**TASK TO CARRY OUT:**
Would you reproduce each line below exactly, leaving every picture out?

**SUPPLIED DATA:**
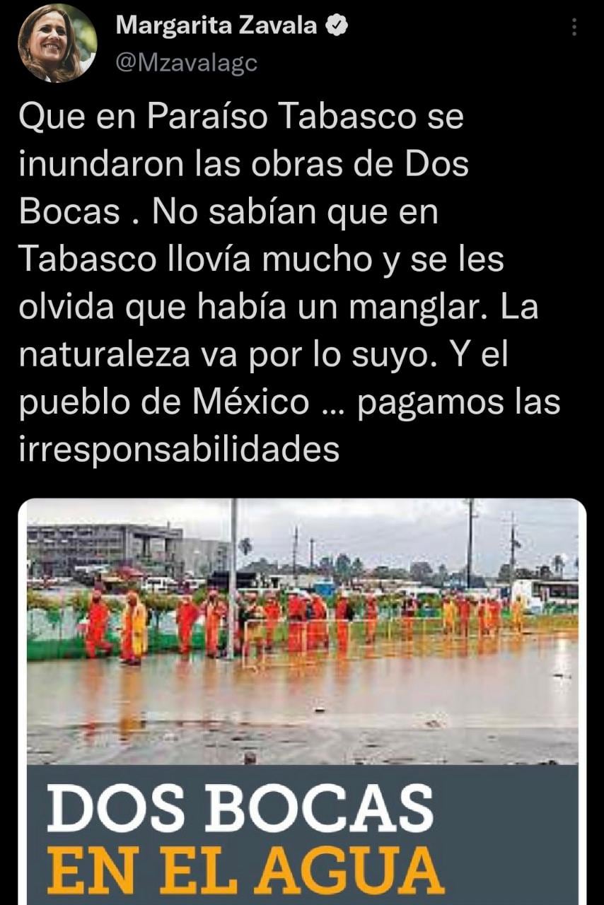 A través de redes sociales, la diputada federal Margarita Zavala se pronunció declarando que “no sabían que en Tabasco llovía mucho y se les olvida que había un manglar”.
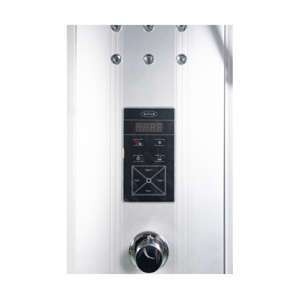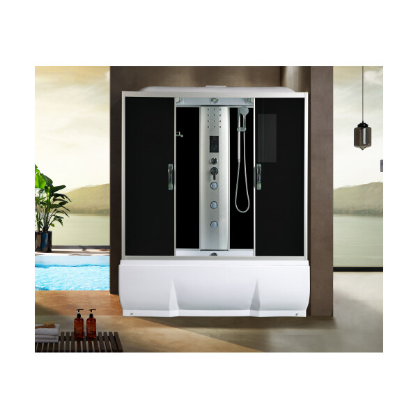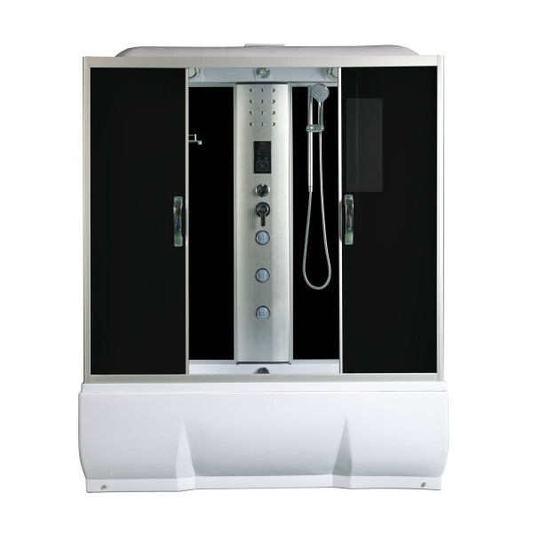 Габариты 150х70х217 см. Преимущества – стильный дизайн, толстые ударопрочные стекла, удобные раздвижные двери, форсунки круглой формы, надежные двойные металлические ролики. Кабина имеет ширину 70 см, что позволяет их поставить в более узкие ванные комнаты. Закрытая душевая кабина прямоугольной формы, оборудованная системой гидромассажа и тропического душа. Стекла закаленные, травмобезопасные, толщиной 4 мм. Поддон глубокий 50 см, акриловый, в комплекте с сифоном. Задние стенки - черное крашеное стекло. Дверь и боковые стенки - тонированное стекло. Профиль - матовый хром.
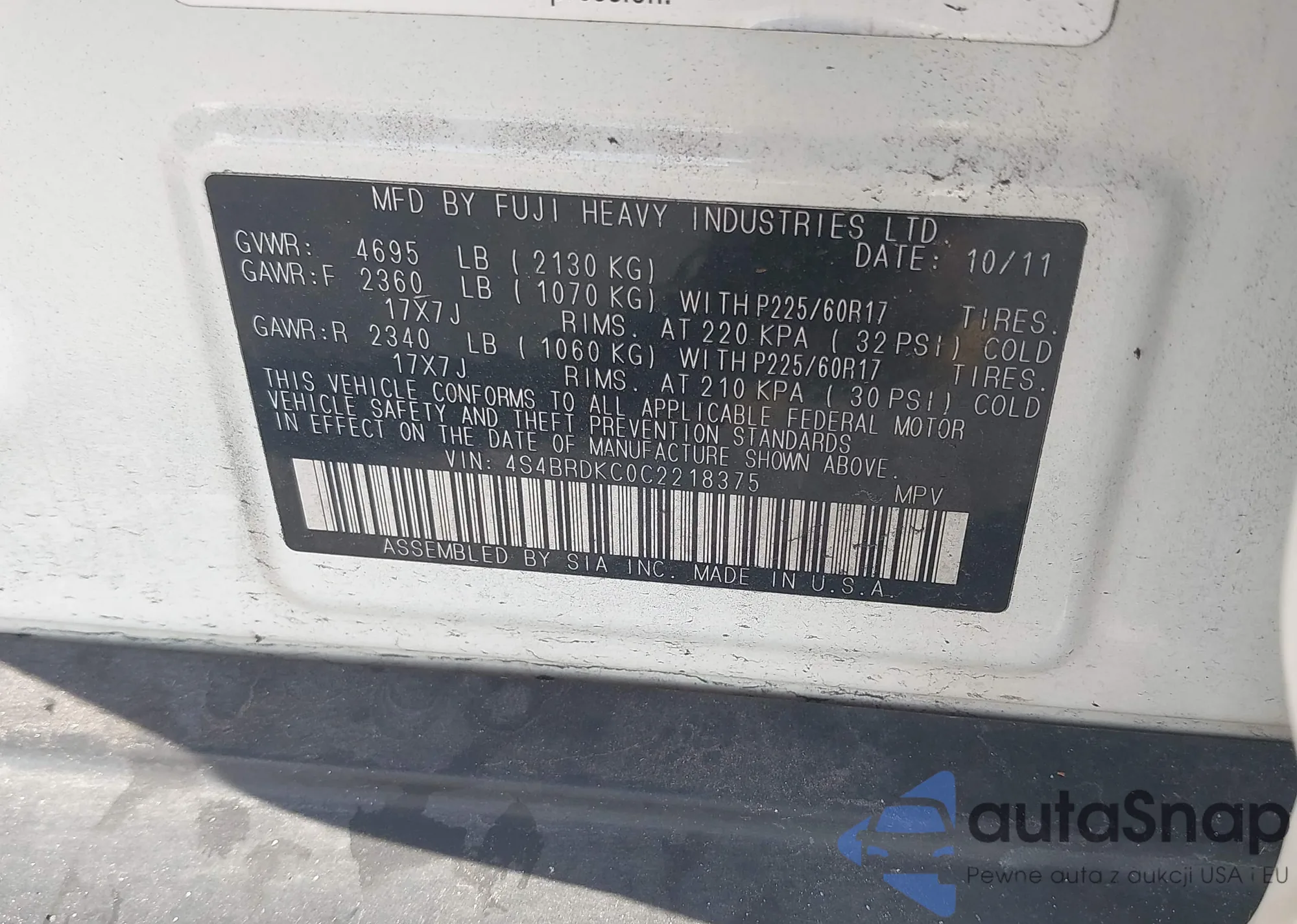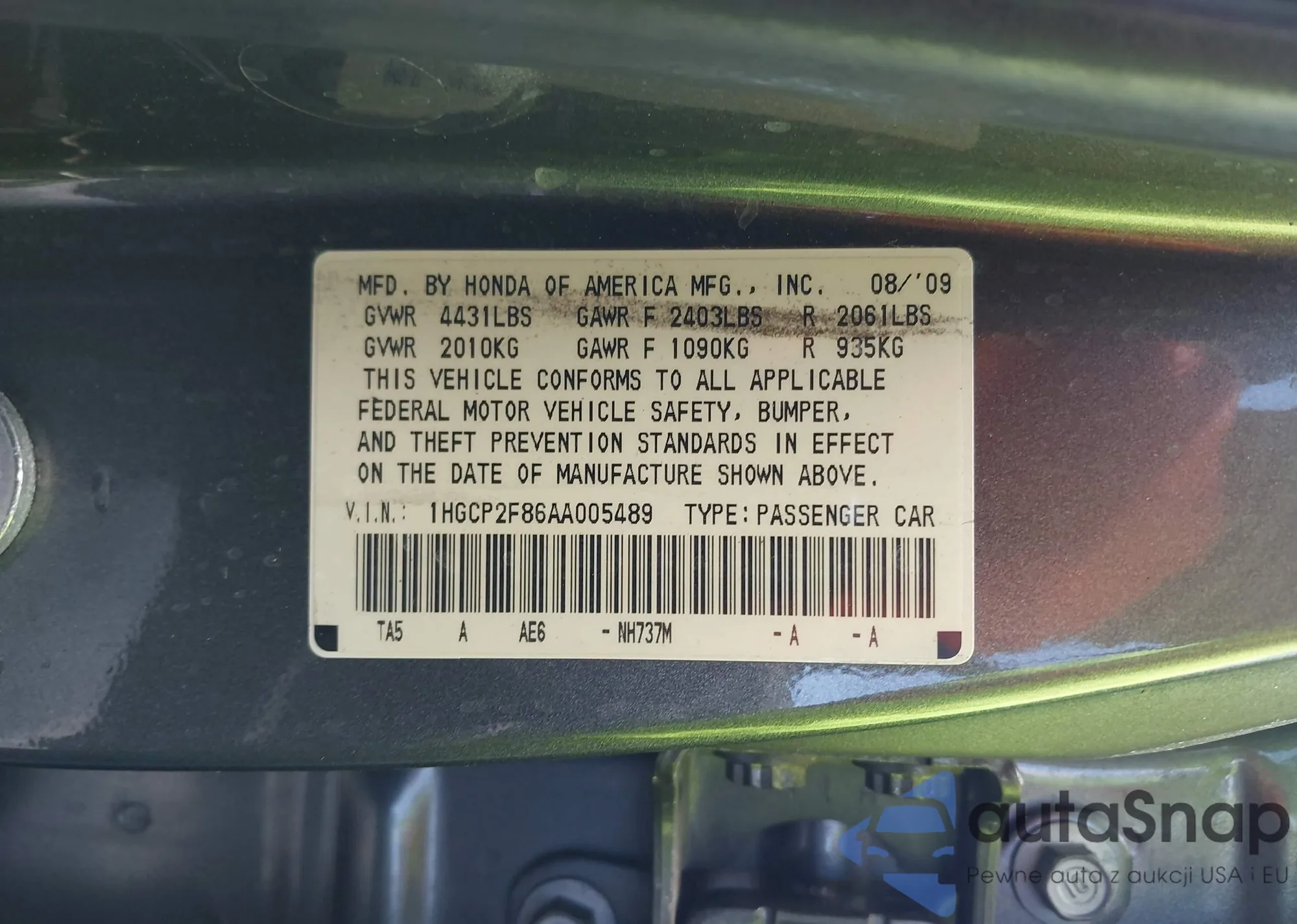 LOT: 43129057 VIN: 1HGCP2F86AA005489

**WRITTEN SOLUTION:**
 A través de redes sociales, la diputada federal Margarita Zavala se pronunció declarando que “no sabían que en Tabasco llovía mucho y se les olvida que había un manglar”.
 Габариты 150х70х217 см. Преимущества – стильный дизайн, толстые ударопрочные стекла, удобные раздвижные двери, форсунки круглой формы, надежные двойные металлические ролики. Кабина имеет ширину 70 см, что позволяет их поставить в более узкие ванные комнаты. Закрытая душевая кабина прямоугольной формы, оборудованная системой гидромассажа и тропического душа. Стекла закаленные, травмобезопасные, толщиной 4 мм. Поддон глубокий 50 см, акриловый, в комплекте с сифоном. Задние стенки - черное крашеное стекло. Дверь и боковые стенки - тонированное стекло. Профиль - матовый хром.
 LOT: 43129057 VIN: 1HGCP2F86AA005489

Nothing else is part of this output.